What the task requires:
Repeat the entries without change, omitting the pictures.

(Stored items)
---+---

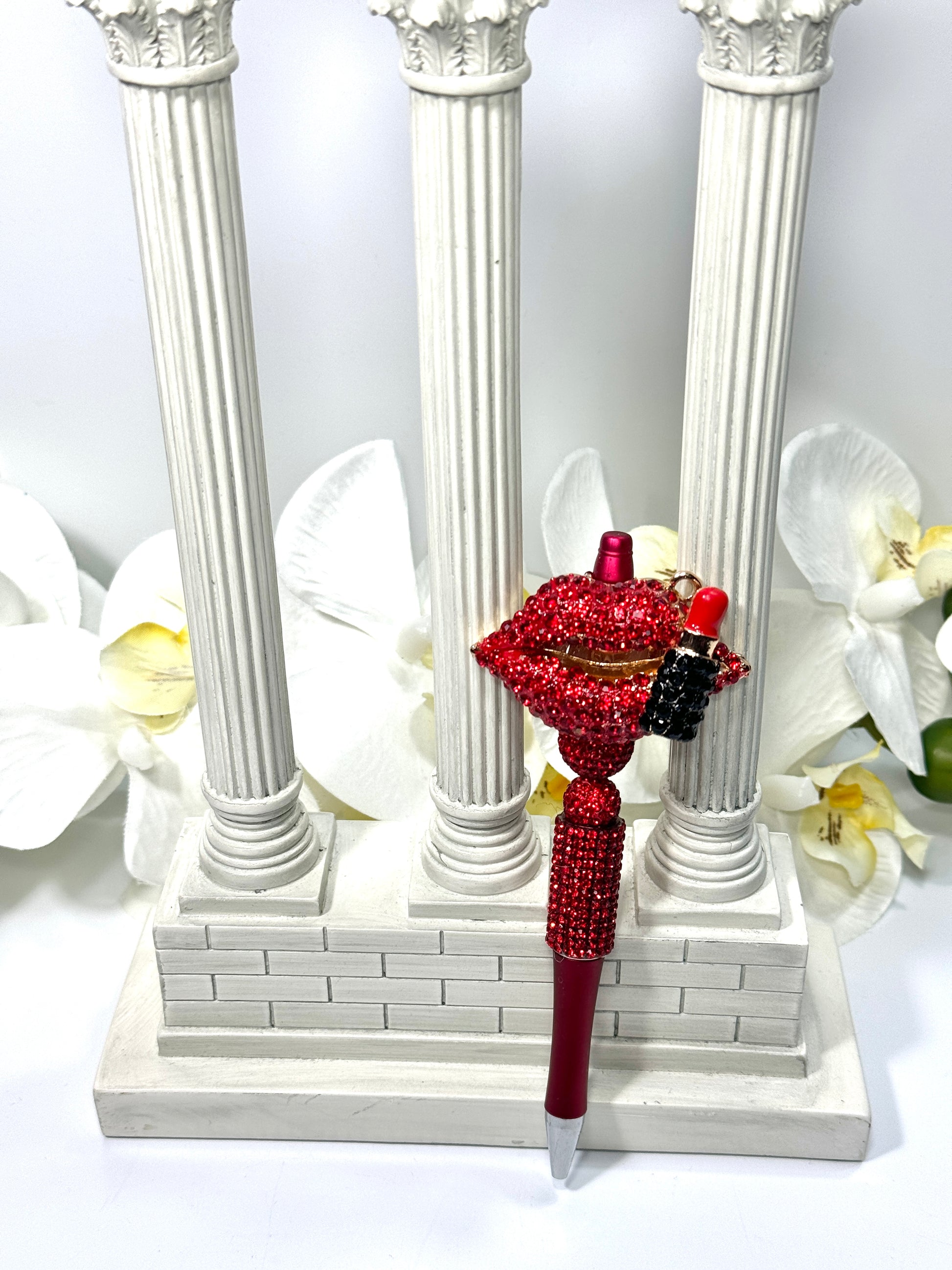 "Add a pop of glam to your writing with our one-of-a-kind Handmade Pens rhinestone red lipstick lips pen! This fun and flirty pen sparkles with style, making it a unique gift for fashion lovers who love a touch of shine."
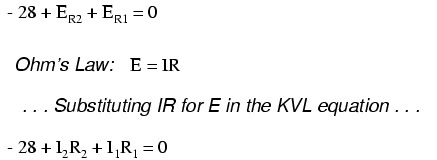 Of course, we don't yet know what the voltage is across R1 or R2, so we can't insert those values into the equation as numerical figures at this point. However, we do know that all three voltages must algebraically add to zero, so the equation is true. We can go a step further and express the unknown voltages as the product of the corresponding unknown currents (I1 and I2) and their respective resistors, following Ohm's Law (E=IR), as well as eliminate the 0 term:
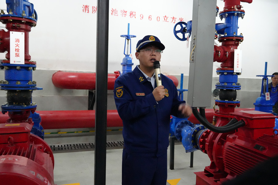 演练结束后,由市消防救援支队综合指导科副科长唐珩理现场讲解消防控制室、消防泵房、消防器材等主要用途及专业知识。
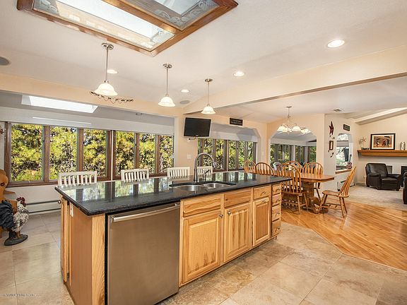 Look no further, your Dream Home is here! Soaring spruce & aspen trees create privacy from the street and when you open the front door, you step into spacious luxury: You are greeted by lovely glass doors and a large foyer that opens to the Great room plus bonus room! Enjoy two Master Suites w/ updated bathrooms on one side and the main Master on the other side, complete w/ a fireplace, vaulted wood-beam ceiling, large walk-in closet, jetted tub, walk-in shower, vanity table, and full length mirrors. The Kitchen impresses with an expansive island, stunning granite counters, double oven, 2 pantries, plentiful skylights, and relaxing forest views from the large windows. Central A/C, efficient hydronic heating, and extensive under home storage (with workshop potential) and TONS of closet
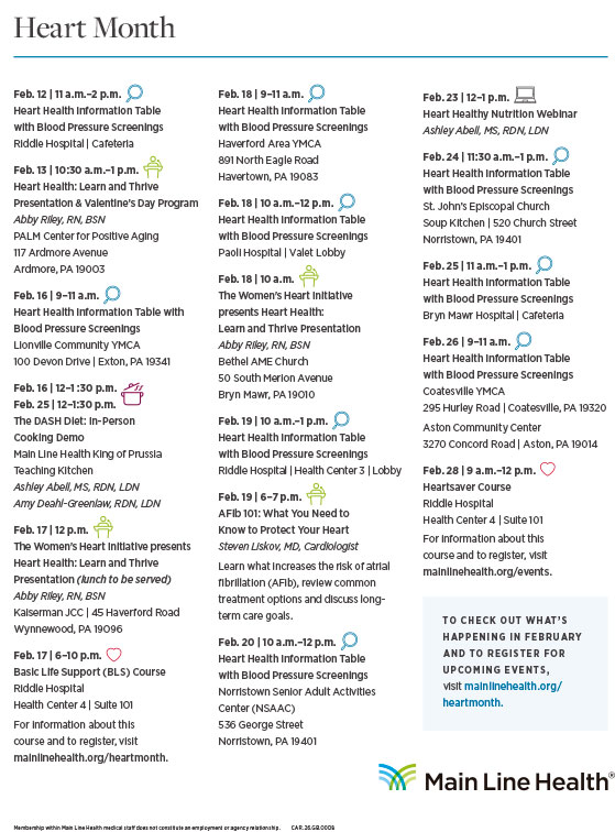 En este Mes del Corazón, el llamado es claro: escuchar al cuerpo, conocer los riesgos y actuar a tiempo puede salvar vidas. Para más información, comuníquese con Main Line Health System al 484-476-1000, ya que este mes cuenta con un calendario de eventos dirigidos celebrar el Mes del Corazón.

---+---

Written answer:
 "Add a pop of glam to your writing with our one-of-a-kind Handmade Pens rhinestone red lipstick lips pen! This fun and flirty pen sparkles with style, making it a unique gift for fashion lovers who love a touch of shine."
 Of course, we don't yet know what the voltage is across R1 or R2, so we can't insert those values into the equation as numerical figures at this point. However, we do know that all three voltages must algebraically add to zero, so the equation is true. We can go a step further and express the unknown voltages as the product of the corresponding unknown currents (I1 and I2) and their respective resistors, following Ohm's Law (E=IR), as well as eliminate the 0 term:
 演练结束后,由市消防救援支队综合指导科副科长唐珩理现场讲解消防控制室、消防泵房、消防器材等主要用途及专业知识。
 Look no further, your Dream Home is here! Soaring spruce & aspen trees create privacy from the street and when you open the front door, you step into spacious luxury: You are greeted by lovely glass doors and a large foyer that opens to the Great room plus bonus room! Enjoy two Master Suites w/ updated bathrooms on one side and the main Master on the other side, complete w/ a fireplace, vaulted wood-beam ceiling, large walk-in closet, jetted tub, walk-in shower, vanity table, and full length mirrors. The Kitchen impresses with an expansive island, stunning granite counters, double oven, 2 pantries, plentiful skylights, and relaxing forest views from the large windows. Central A/C, efficient hydronic heating, and extensive under home storage (with workshop potential) and TONS of closet
 En este Mes del Corazón, el llamado es claro: escuchar al cuerpo, conocer los riesgos y actuar a tiempo puede salvar vidas. Para más información, comuníquese con Main Line Health System al 484-476-1000, ya que este mes cuenta con un calendario de eventos dirigidos celebrar el Mes del Corazón.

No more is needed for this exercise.